St Thérèse of Lisieux

 October 1: Feast of St. Thérèse of Lisieux



      October 1st is the feast day of St. Thérèse of Lisieux, or Saint Thérèse of the Child Jesus and the Holy Face, the patron saint of missionaries, priests and florists.


      Thérèse died when she was only 24, after having lived but 10 years as a cloistered Carmelite nun. She never went on missions, never founded a religious order, nor performed great works. The only book of hers, published after her death, was a brief edited version of her journal called "Story of a Soul." Yet, generations of Catholics have admired this young saint, calling her the "Little Flower" and the Church honoured her with the prestigious title of 'Doctor of the Church".

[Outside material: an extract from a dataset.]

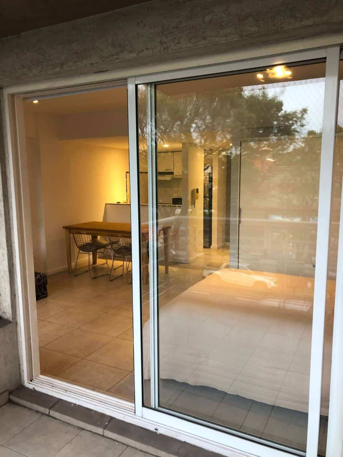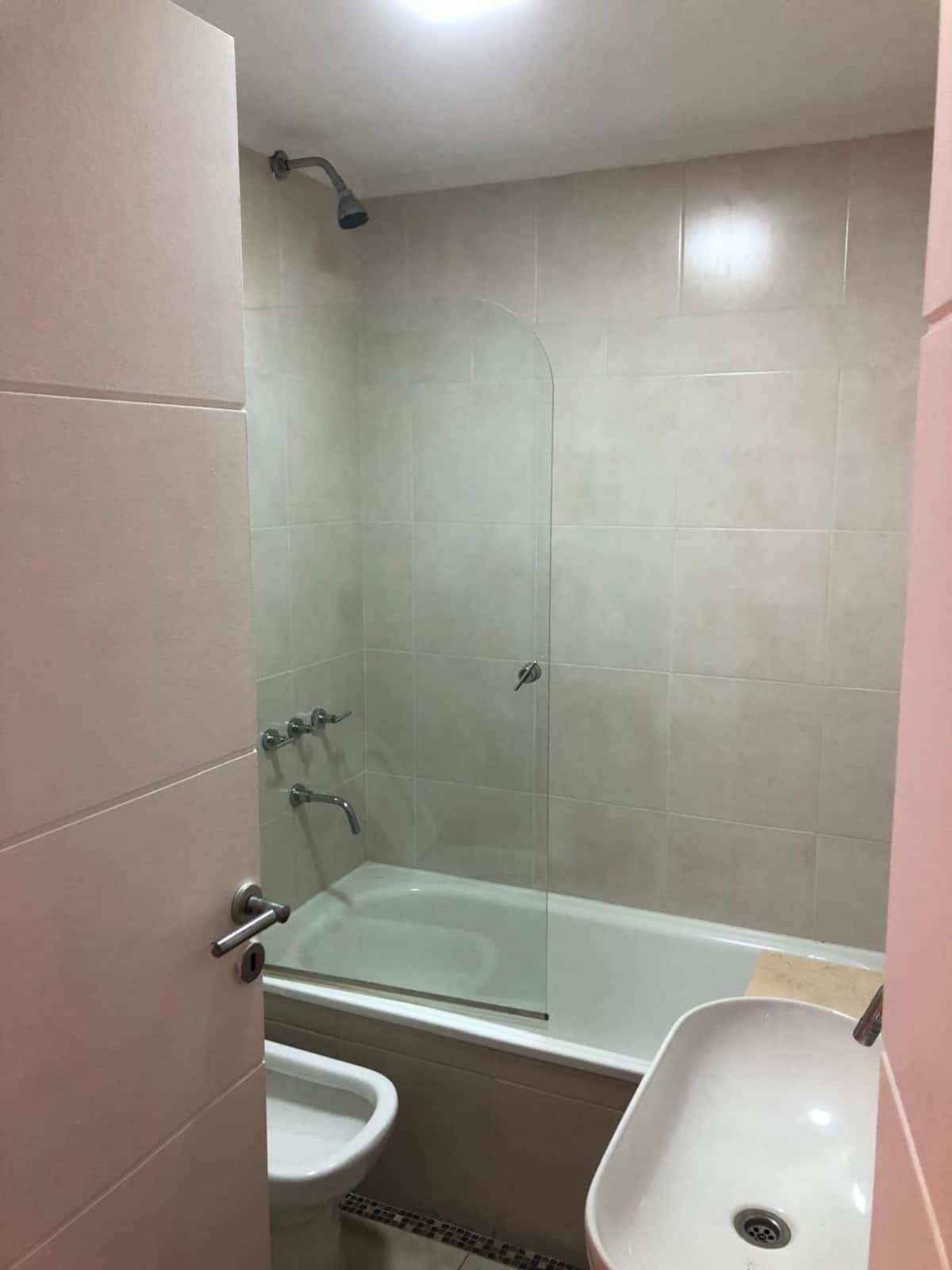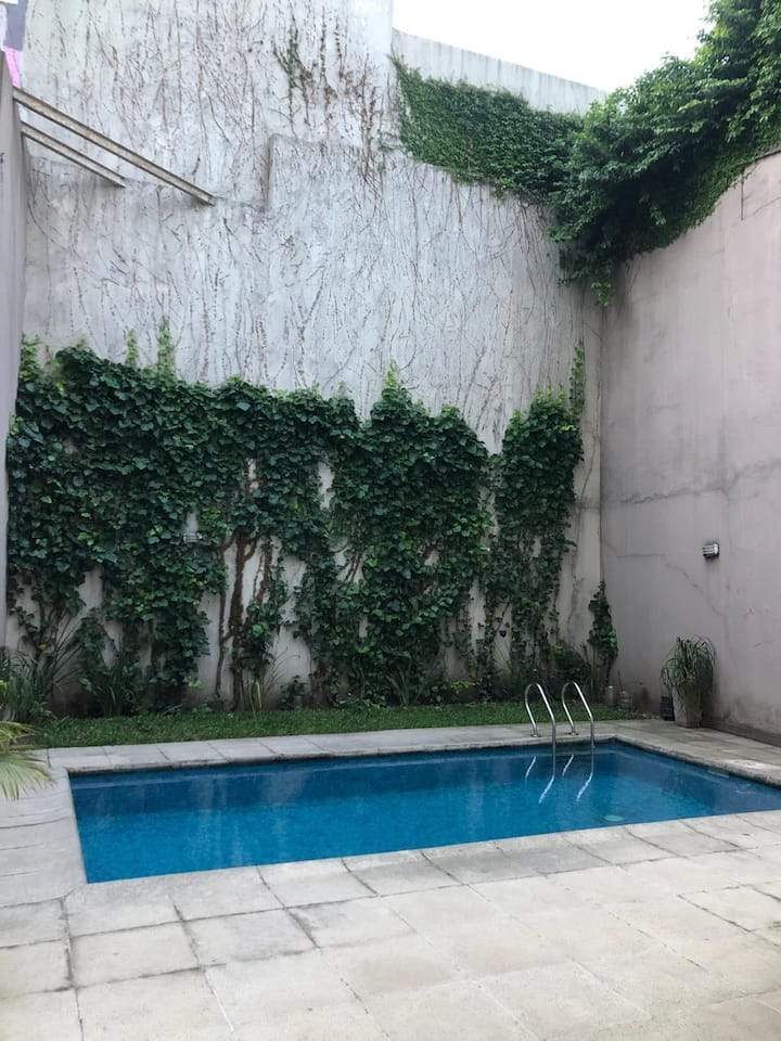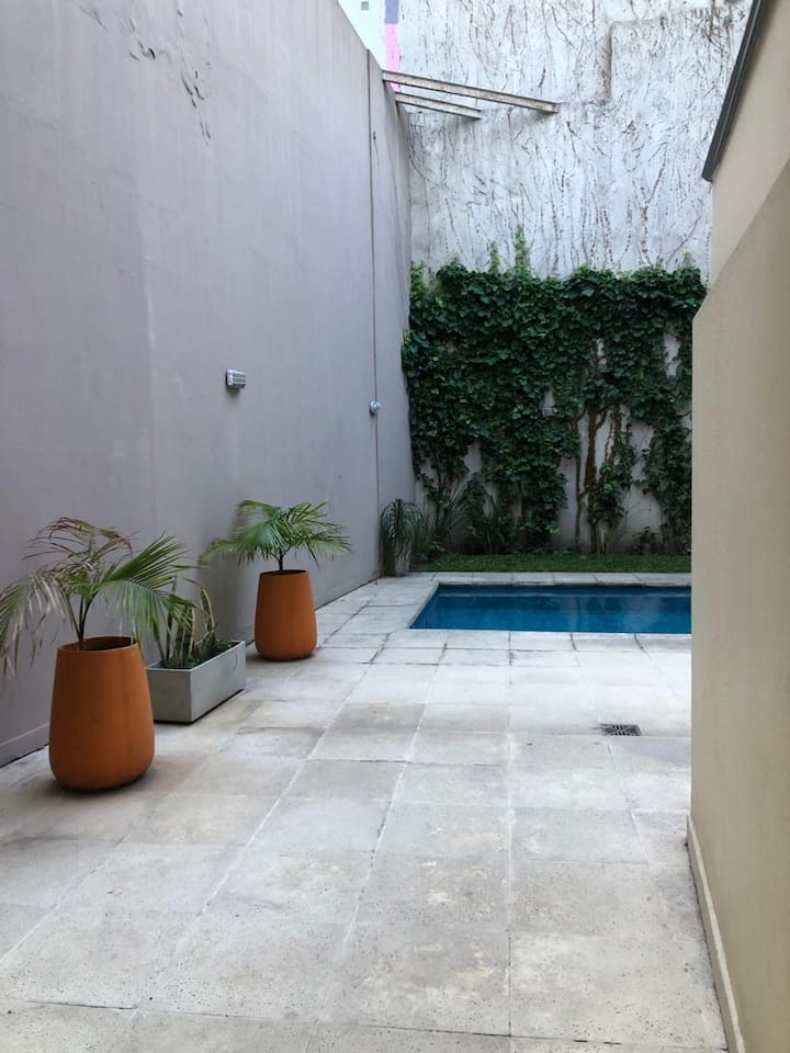 Apartamento tipo kitnet em Chacarita. O imóvel fica a 600 metros da Estação Ferroviária Federico Lacroze e a 2,1 km da Movistar Arena. Tem cama de casal e sofá-cama com carrinho e duas camas (colchões), além de ar-condicionado frio/quente. A cozinha inclui geladeira, forno e micro-ondas, além de chaleira elétrica e máquina de lavar.

      Like a soldier kitted for war, she was ready for battle: humility was her armour and love was her only weapon. She had a faith of truly mustard seed proportions (Matt. 17:20) enabling her to perform entire mountains of charitable acts and she embraced God’s plan for her, saying “A heart enfolded in Divine love cannot remain inactive.” Her story is a powerful reminder to all of us who feel we can't make a difference, that it is the little things we do that keep God's kingdom growing.



Childhood


      Marie Françoise-Thérèse Martin was born on January 2, 1873, in Alencon, Normandy, France to Louis Martin and Zelie Guerin (both parents were recently canonised saints by Pope Francis on Sunday, October 18, 2015).  Thérèse thrived on the love which surrounded her in her Christian home. It was here, where prayer, the liturgy, and practical good works formed the basis of her own ardent love of Jesus – her desire to please Him and the Virgin Mary.

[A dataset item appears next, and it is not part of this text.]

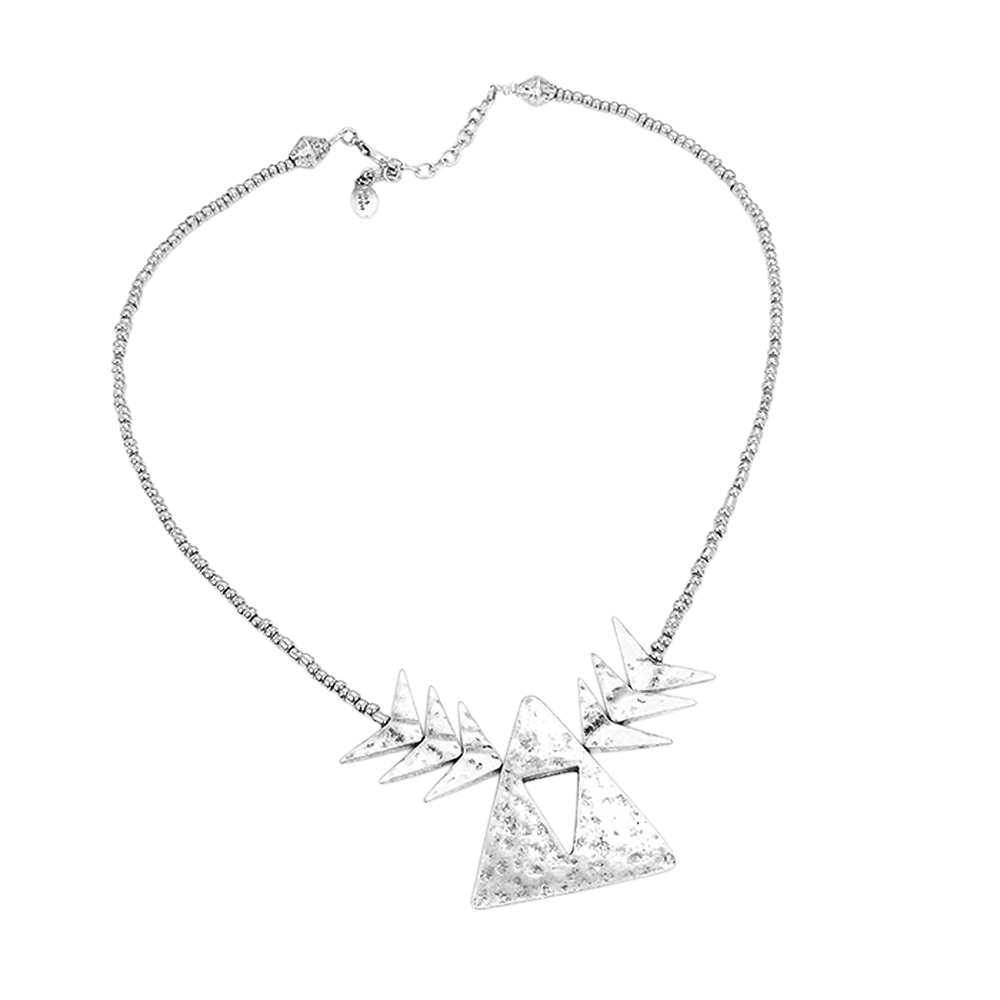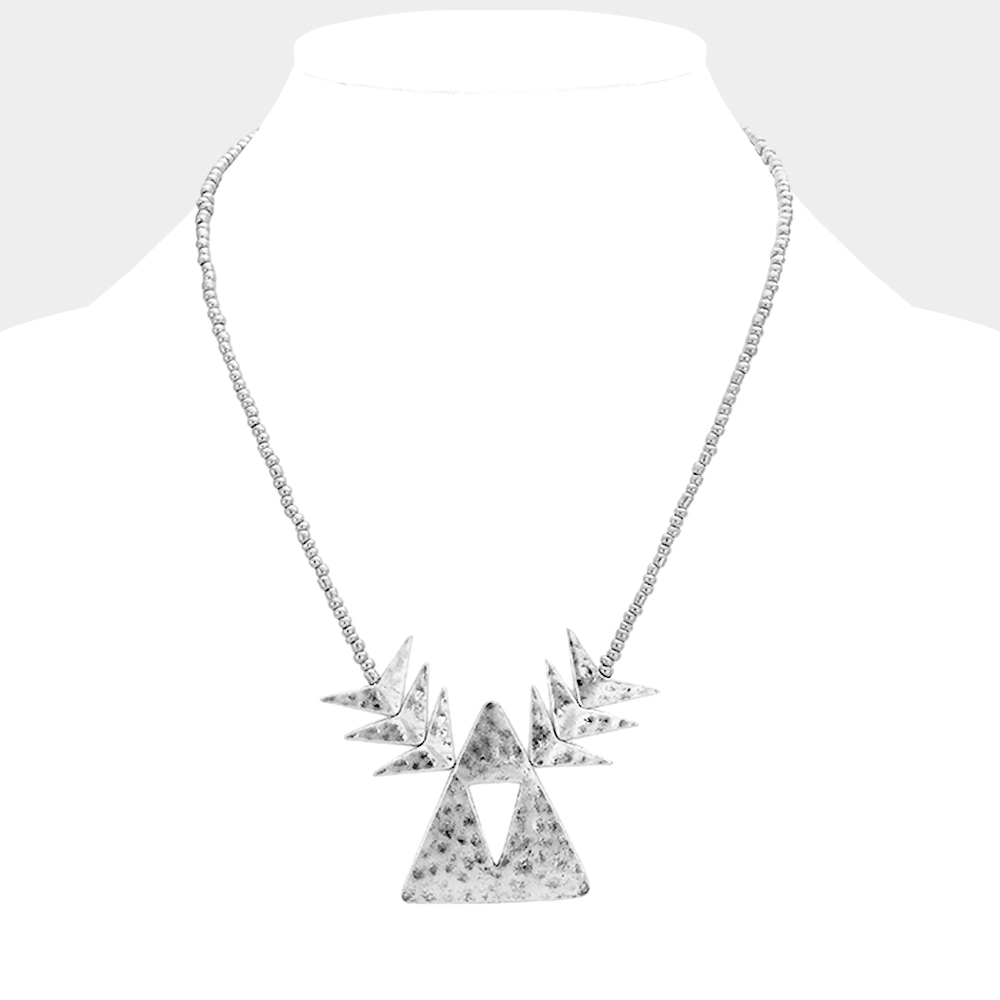 Beaded Cutout Triangle Metal Necklace

      After an illness of twelve years, Thérèse's mother Zelie died of breast cancer in August 1877. Shortly thereafter Louis moved his family of five girls to Lisieux, where they would visit a different church each day and pray before the Blessed Sacrament. Sundays were days of rest tinged with melancholy for this youngster who at an early age felt the pang of exile on this earth. “I longed,” she explained, “for the everlasting repose of heaven – that never-ending Sunday of the Fatherland ...” 



       In October 1881, her father enrolled her as a day boarder at Lisieux’s Benedictine Abbey School of Notre-Dame du Pre. Timid and prayfull by nature she was bullied but she found comfort in her second mentor Pauline, who was her teacher. Then one day Pauline told her she was leaving to enter the convent at the Carmelite Monastery in Lisieux. Nine-year-old Thérèse was devastated, having "lost" her second mother in Pauline. 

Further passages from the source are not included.